The basic approach is that upon uploading a leaderboard entry, you can attach data to the entry using a combination of FileWriteAsync, FileShare, and AttachLeaderboardUGC. The docs say that the file size limit for each individual upload is 100 MB. So, these files can get pretty big. (100MB is a lot of data. My files tend to be in the range of 100 KB to 1 MB for the longest runs.)
It should be possible to use this for run data then. The question is, do I (the developer) have a way of accessing this run data, or is it private to the player? I’m not entirely clear on how Steam cloud works for things like this. If it’s private, then I may have to find some other way to do this.
You can access it via the API. In fact, it’s essentially public, even though it’s linked to a given Steam user’s account on their specific leaderboard entry.
Using the example I gave above, when a player completes one of my leaderboard levels, I use the steamworks API to create a leaderboard entry. I then upload the run data as a separate file, linked to the player, and then associate that file to the leaderboard entry. From that point on, if a random player tries that level, the API will give them the run data of the top leaderboard entry’s run. So, anyone trying that level will be able to receive that data.
It’s a little bit complicated to set up, mostly because the steamworks stuff is so callback-heavy, but it’s not that bad.
I’m trying to create an actual save file now to store all the data into, but I’m getting conflicting information about how to do this. Originally I was thinking about just saving it to a binary, but when I look up info about BinaryFormatter I keep finding things that say it’s obsolete. Is there a better way to save a file containing all this data? Right now I have it set up so that it needs to write:
An Opening class, for start-of-the-run data
A Room class that writes once every time the player passes into a new room (level) and contains the random seed for that room
A Player class that writes the player position and a few other stats at set intervals (still need to determine how long that interval is; once per second may be plenty)

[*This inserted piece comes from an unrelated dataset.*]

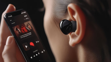 A close-up image showcasing a woman with a wireless earbud in her ear while using a smartphone to enjoy music or podcasts, emphasizing modern lifestyle and technology.

An Enemy class that writes the enemy position, similar to the Player class, except it’s not in every room (there’s also only ever one enemy, so I only need to save it as often as the Player class).

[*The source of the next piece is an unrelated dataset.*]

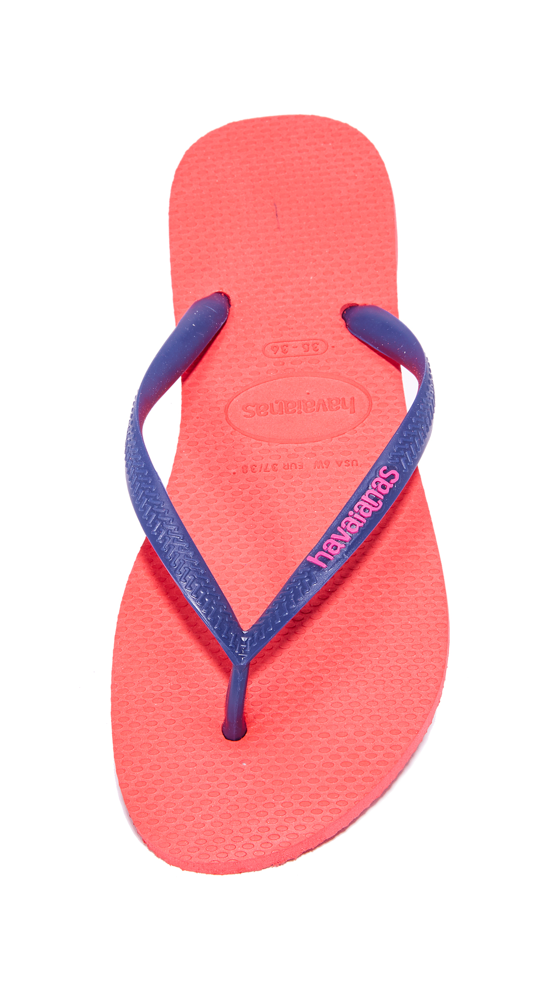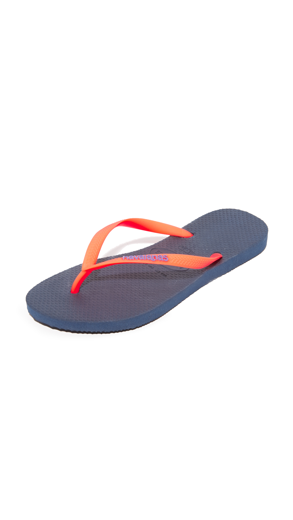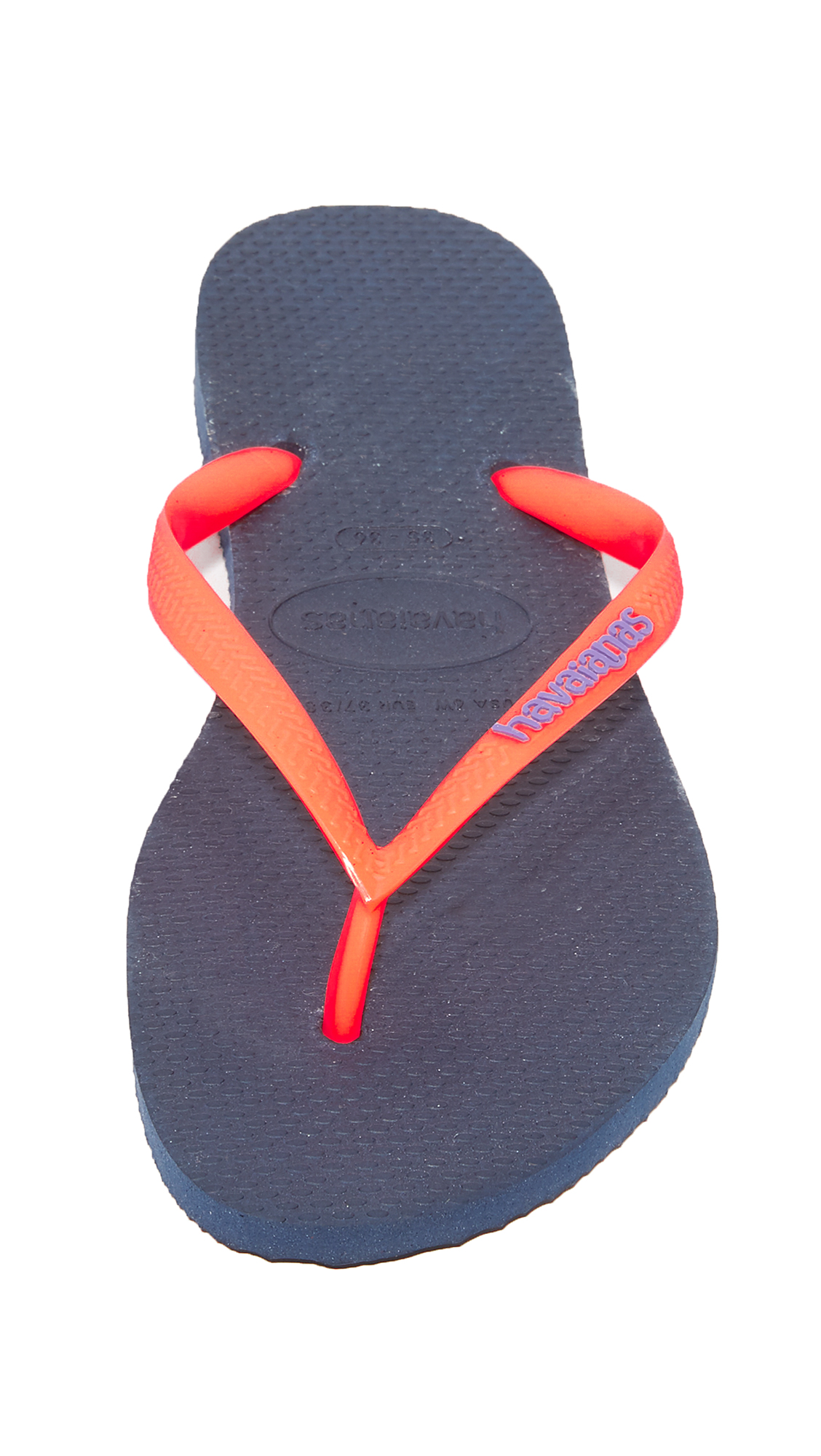 A neon thong strap adds a splash of color to these casual Havaianas flip-flops. Rubber sole.Fabric: Rubber.Imported, Brazil.COLOR: Mentha Green Navy Blue are brighter than they appear in still photos.

A Door class that writes once whenever a player leaves a room
A Closing class, for end-of-the-run data
There is a flag in the Player class that will toggle when a door is used, so the file will need to save data something like this:
When I read the file back, I’ll need to read it back similarly, but will have the info I need in each of those blocks of class data that lets me know what to expect next.
Any suggestions, or is BinaryFormatter still a valid way to do all this?
I’m not concerned with people making edits; the file will exist only for a few moments while it is being uploaded to the Steam account, and even should it be interrupted and saved/edited, I should be able to tell by analysis that this was the case.
I’ll take a look into other serializers like you suggested, thanks!
Yes, modding Unity games is trivial. There’s whole readily available software that lets you mod and inject code into Unity’s runtime environment. If someone wanted to capture this temporary serialised file, it would be trivial to do so.
Yes, but that’s the purpose of doing these run saves. My intention is to make something I can pass the runs through in order to verify that they’re legitimate. If they modify the game, it will be clear because they’ll be doing things that aren’t possible, or doing things that aren’t lining up with the seed, or it has data contradicting an earlier run.